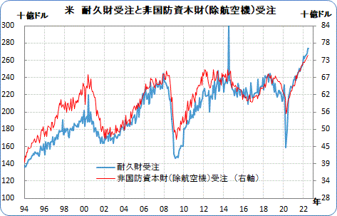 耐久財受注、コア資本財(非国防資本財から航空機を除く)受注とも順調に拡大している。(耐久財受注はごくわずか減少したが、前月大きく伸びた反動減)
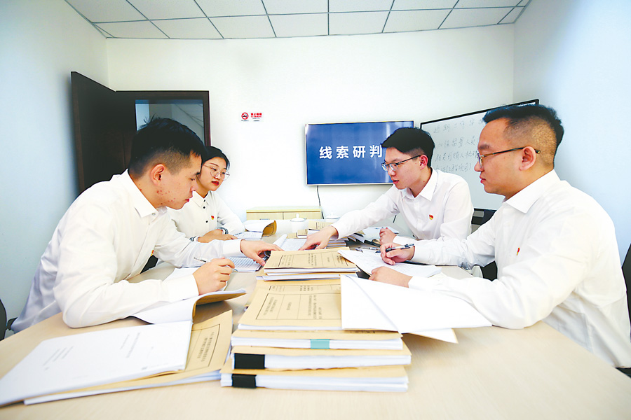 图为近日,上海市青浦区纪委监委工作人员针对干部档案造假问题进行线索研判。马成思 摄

◆ ◆ ◆ ◆

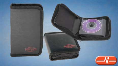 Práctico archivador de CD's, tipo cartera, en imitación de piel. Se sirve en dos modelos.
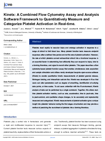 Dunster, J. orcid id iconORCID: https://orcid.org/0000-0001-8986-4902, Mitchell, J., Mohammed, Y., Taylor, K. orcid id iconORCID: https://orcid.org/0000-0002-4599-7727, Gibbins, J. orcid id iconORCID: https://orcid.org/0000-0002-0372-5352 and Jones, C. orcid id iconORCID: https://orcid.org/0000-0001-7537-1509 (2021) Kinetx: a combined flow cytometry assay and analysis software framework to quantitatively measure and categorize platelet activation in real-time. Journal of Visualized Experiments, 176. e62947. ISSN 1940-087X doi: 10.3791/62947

◆ ◆ ◆ ◆

### Directions for this task
Look above for the line containing "Práctico archivador de" and the line containing "Dunster, J. orcid", then reproduce both and everything between them exactly, pictures omitted.

### Answer space
 Práctico archivador de CD's, tipo cartera, en imitación de piel. Se sirve en dos modelos.
 Dunster, J. orcid id iconORCID: https://orcid.org/0000-0001-8986-4902, Mitchell, J., Mohammed, Y., Taylor, K. orcid id iconORCID: https://orcid.org/0000-0002-4599-7727, Gibbins, J. orcid id iconORCID: https://orcid.org/0000-0002-0372-5352 and Jones, C. orcid id iconORCID: https://orcid.org/0000-0001-7537-1509 (2021) Kinetx: a combined flow cytometry assay and analysis software framework to quantitatively measure and categorize platelet activation in real-time. Journal of Visualized Experiments, 176. e62947. ISSN 1940-087X doi: 10.3791/62947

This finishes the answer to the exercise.